**Problem requirements:** Taking the data below, please print only the lines from the line holding "Gauzy embroidered eyelet" to the line holding "Слайд 9Формы и", inclusive, with pictures omitted.

**Available data:**
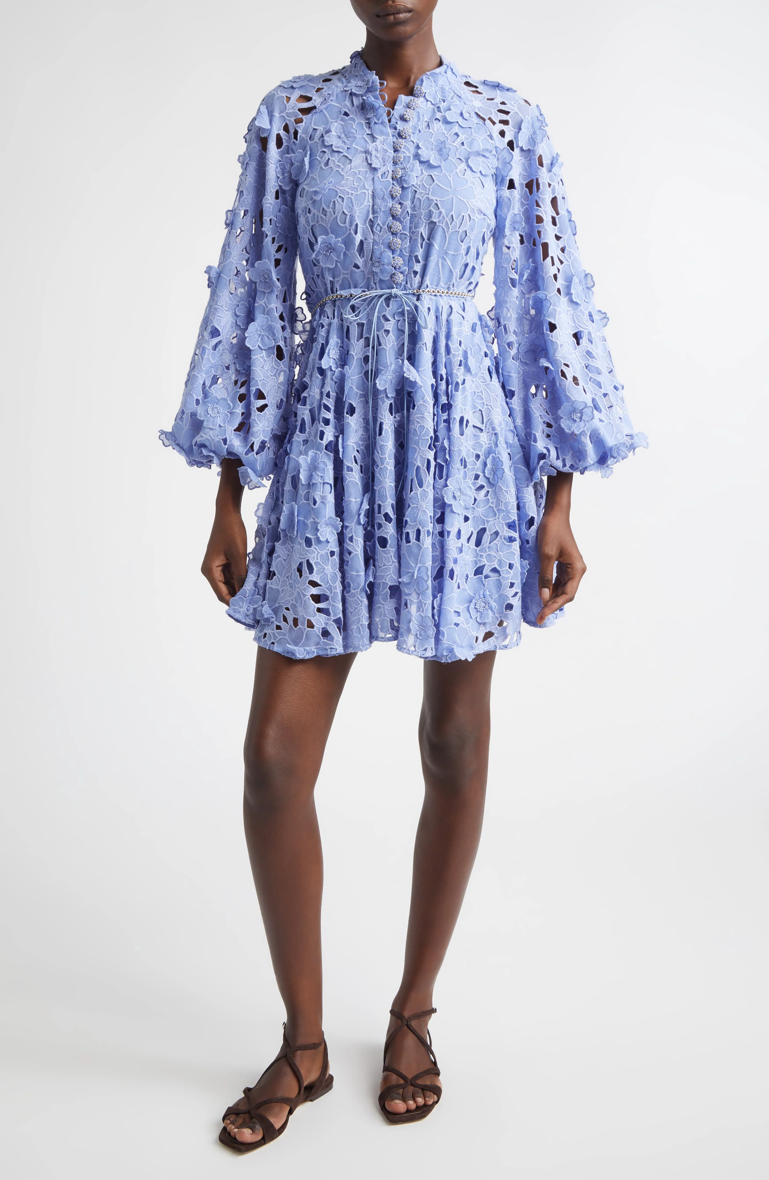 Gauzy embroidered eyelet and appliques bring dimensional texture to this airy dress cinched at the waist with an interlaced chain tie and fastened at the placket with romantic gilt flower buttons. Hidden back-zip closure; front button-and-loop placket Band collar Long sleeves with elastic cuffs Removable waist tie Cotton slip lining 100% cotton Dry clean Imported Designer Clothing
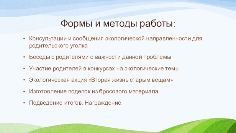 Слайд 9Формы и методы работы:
* * *
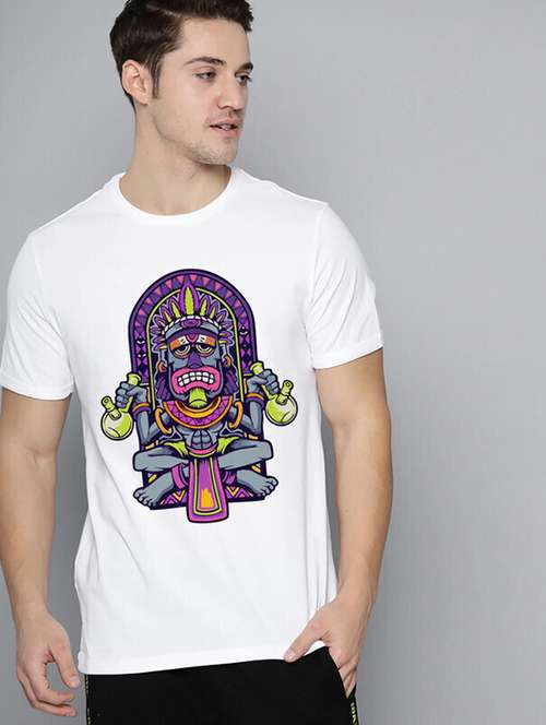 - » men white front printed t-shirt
==
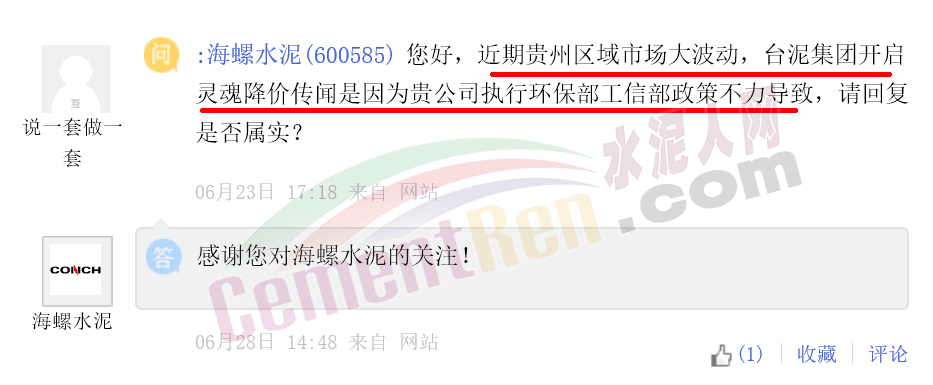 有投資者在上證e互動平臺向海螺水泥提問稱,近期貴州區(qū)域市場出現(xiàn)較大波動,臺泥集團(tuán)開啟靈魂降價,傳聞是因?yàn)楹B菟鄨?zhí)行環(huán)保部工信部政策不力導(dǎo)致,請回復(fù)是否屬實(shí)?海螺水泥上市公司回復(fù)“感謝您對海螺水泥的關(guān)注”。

**Your solution:**
 Gauzy embroidered eyelet and appliques bring dimensional texture to this airy dress cinched at the waist with an interlaced chain tie and fastened at the placket with romantic gilt flower buttons. Hidden back-zip closure; front button-and-loop placket Band collar Long sleeves with elastic cuffs Removable waist tie Cotton slip lining 100% cotton Dry clean Imported Designer Clothing
 Слайд 9Формы и методы работы:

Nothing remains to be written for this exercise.